Le Living lab de l'I2ML s'oriente en 2015 sur la sécurité, en plus de la longévité. (Crédits : DR)
Basé à Nîmes, l'Institut des métiers de la longévité, versé dans l'aide aux entreprises de la Silver économie veut rentabiliser son "living Lab" en s'orientant également vers le créneau de la sécurité.

Entré en phase opérationnelle depuis février 2014, l'Institut méditerranéen des métiers de la longévité (I2ML) de Nîmes travaille au quotidien auprès des entreprises et structures versées dans la Silver économie par le biais d'un incubateur, de conseils d'experts, de formations et d'un Living Lab.

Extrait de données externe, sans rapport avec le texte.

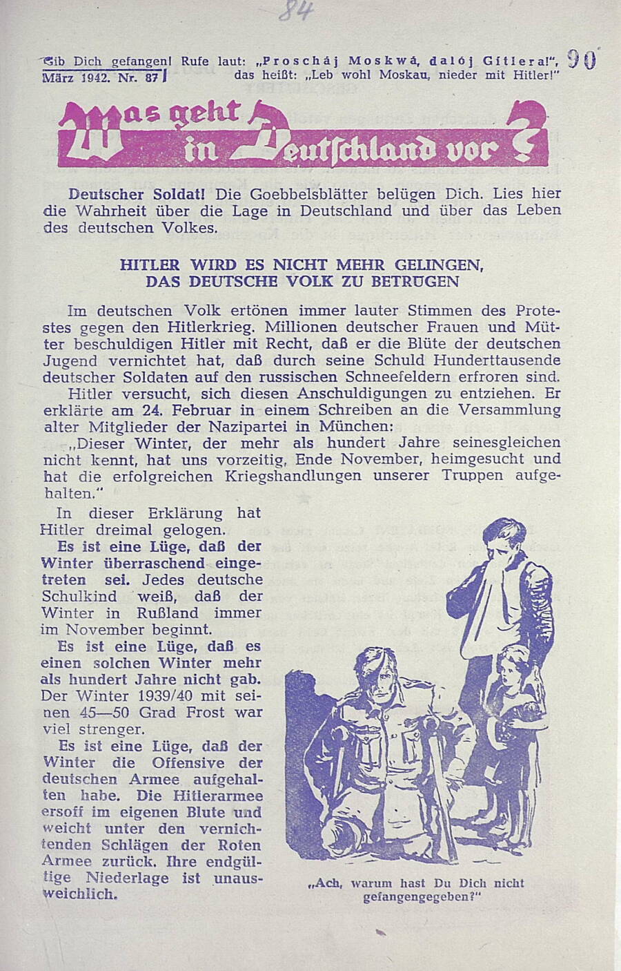 В листовках «Слова и дела Гитлера», «За что вы воюете?», «Что принесет лето 1943 года?», «Ты собрался вернуться в Германию?» разъяснялись истинные цели войны, разоблачалась нацистская клевета. Многие листовки являлись пропуском для сдачи в плен[3].

Ce dernier se présente sous la forme d'un appartement (80 m2) entièrement équipé et aménagé pour les seniors, dans lequel les entreprises peuvent venir tester en conditions réelles (et avec le concours de personnes bénévoles) des produits innovants amenés à être mis sur le marché de l'aide au maintien à domicile. Une nouvelle piste de valorisation de l'outil se met en place dès cette année 2015, sur la thématique de la sécurité.

"Le cœur de notre métier reste la longévité, explique le directeur de l'I2ML, Cyril Laurent. La thématique de sécurité est très présente à Nîmes : à l'Université, à l'École des mines, à l'Agglo. Le bureau de l'institut a trouvé pertinent de la mettre en place : c'était une idée dans l'air du temps, et l'outil peut être transdisciplinaire. Nous sommes en train mettre de nouer des partenariats, orientés sur la recherche appliquée. Le Living lab pourra ainsi être utilisé pour des tests grandeur nature avec des populations d'enfants, d'adolescents, d'adultes et de seniors, de manière à voir les différentes manières de réagir face à un signal : alarme, odeur suspecte, etc."

De nouvelles coopérations en vue

Dès le mois de mai, un nouveau pas sera franchi en la matière, puisque des partenariats entre l'Université de Nîmes (UNîmes) et l'École des mines d'Alès seront mis en place avec des universités grecques et turques pour travailler en commun sur l'étude des risques.

L'I2ML a été fondé à l'initiative de l'UNîmes et l'École des mines d'Alès, et financé à sa création par la Région et Nîmes Métropoles principalement, pour un montant de 1 M€. L'institut emploie actuellement 4 ETP et vise un autofinancement à 35 % d'ici cinq ans.